A secure platform with total data control. By implementing security best practices and procedures, we ensure the confidentiality, integrity and availability of our company and customer data.
Hopsworks' unique multi-tenant project model enables sensitive data to be stored in a shared cluster, while still providing fine-grained sharing capabilities for ML assets across project boundaries.
All data at rest is encrypted to prevent any unauthorized access and prevent data breaches. Our entire platform is also continuously monitored by dedicated, highly trained experienced Hopsworks staff.
Service-to-service communications employ industry standard encryption protocols to secure the transport layer such as HTTPs, RPC over TLS.
Security requirements are gathered during designing of new features and continuously evaluated during the development phase. Every patch is scanned against known vulnerabilities using the OWASP framework.
Hopsworks platform is continuously tested using unit and integration tests. We trust our engineers but we try to eliminate human error by using CI/CD pipelines for testing and deployment of new software. Key metrics of the platform are monitored throughout testing and deployment to ensure product quality and integrity.
Hopsworks is periodically evaluated by external certified security professionals. Any findings are fed back to project management and incorporated into the planning phase.

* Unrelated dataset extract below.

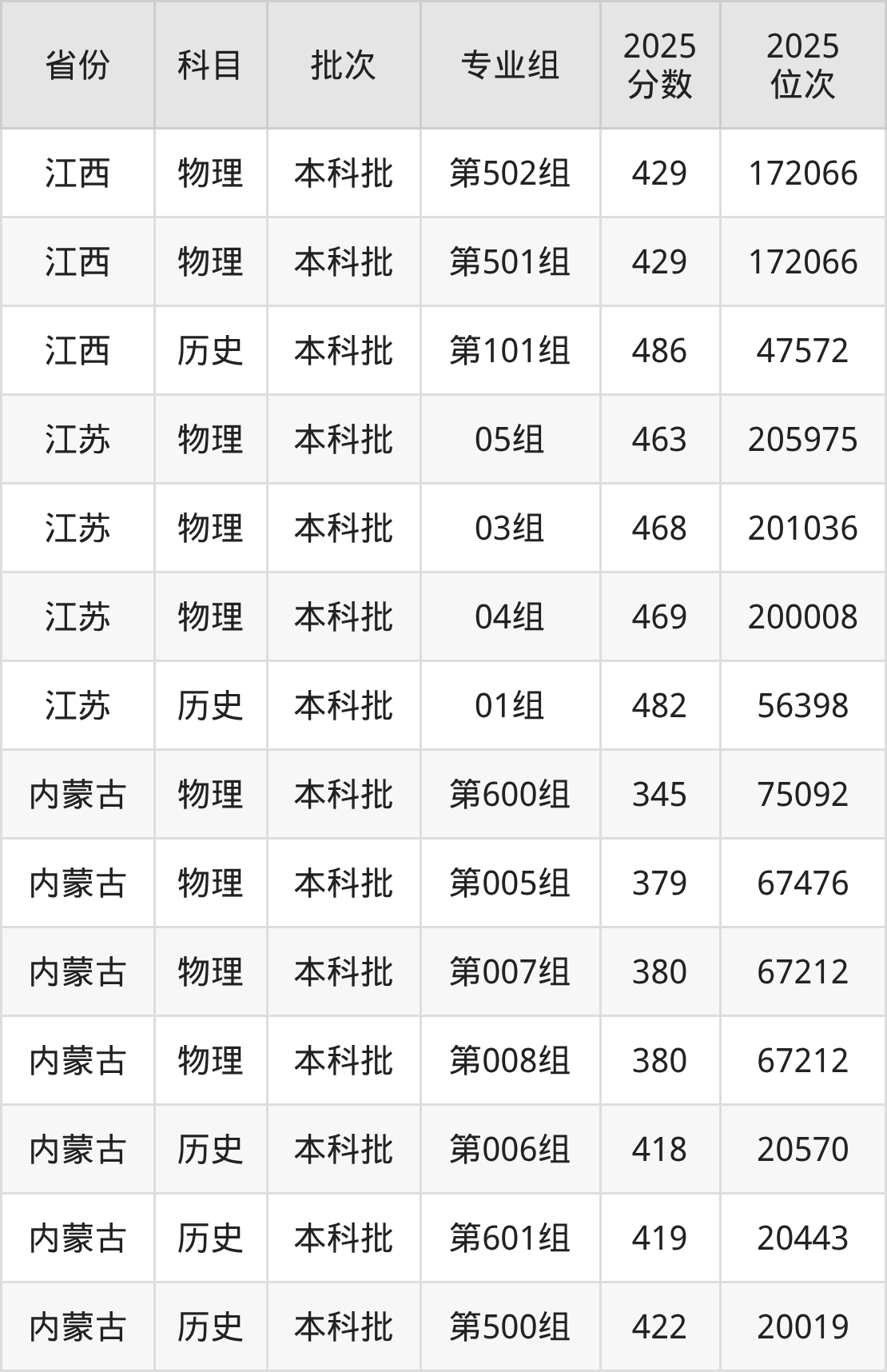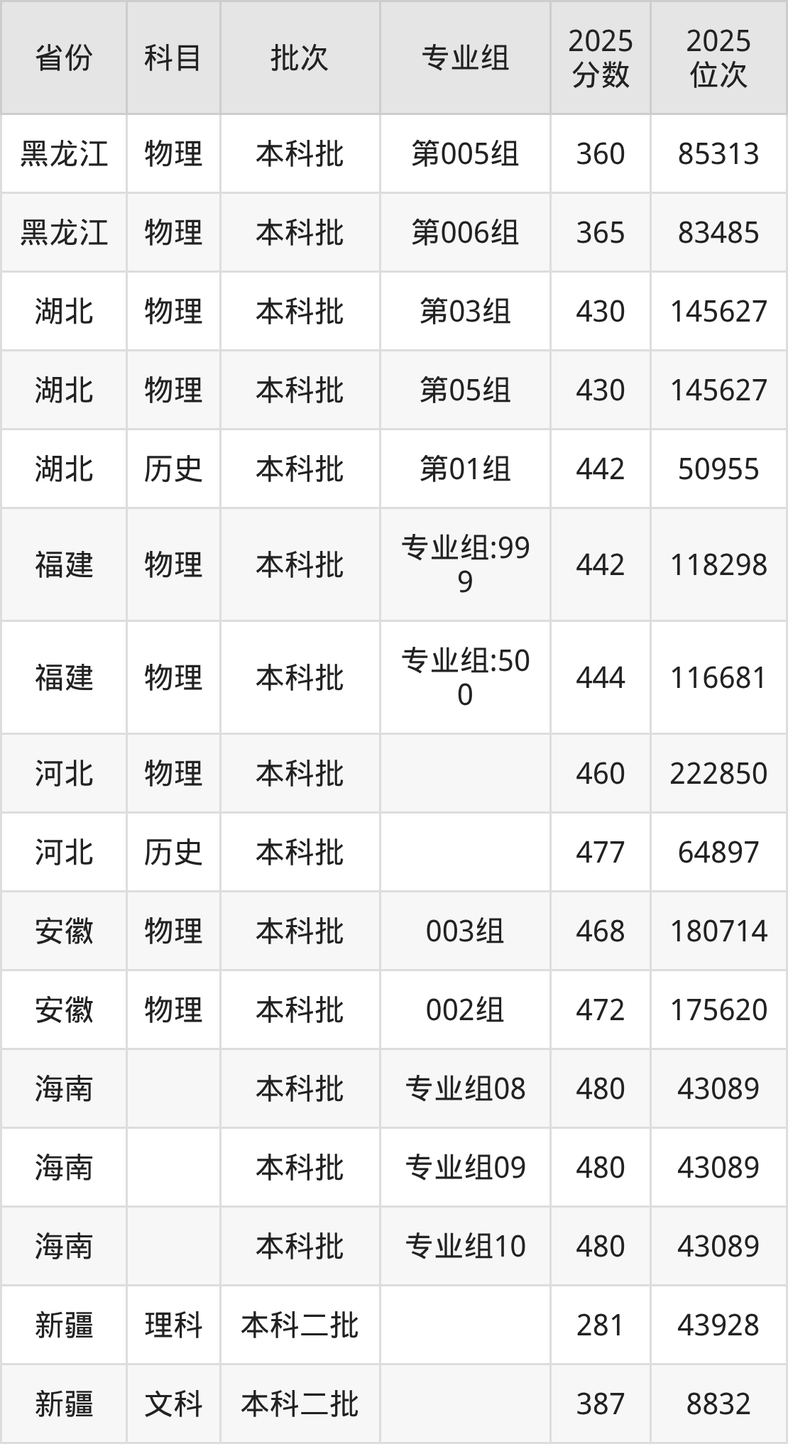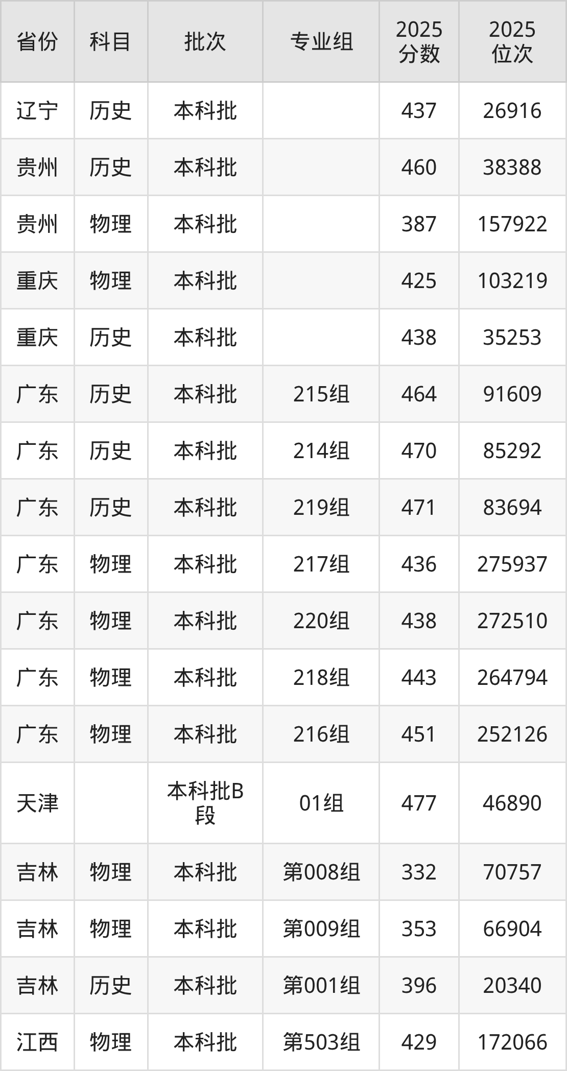2025年投档录取最低分为425分,录取最低位次为103219名。

We have designed deployment patterns and best practices to make sure individual component failures do not impact the availability of the Hopsworks cluster.
Configuration policies and best practices are implemented to make sure you have a fresh copy of the data and metadata in case of necessity. There are also established procedures and best practices to restore a previous backup if needed.
Contact Hopsworks administration for compliance certificates.
Hopsworks is certified according to the ISO 27001 framework. ISO 27001 is a globally recognized standard that specifies requirements for establishing, implementing, maintaining, and continually improving an information security management system.
Hopsworks is certified according to the SOC2 framework. SOC 2 is a globally recognized standard and the report is based on the Trust Services Criteria (TSC), which are a set of principles developed to evaluate the security, availability, processing integrity, confidentiality, and privacy of a service organization's systems and processes.
Hopsworks prioritizes data privacy and security, ensuring full compliance with GDPR regulations. Our platform empowers organizations to implement data governance policies, monitor data usage, and enforce data protection measures, thereby safeguarding user privacy and maintaining regulatory compliance at all times.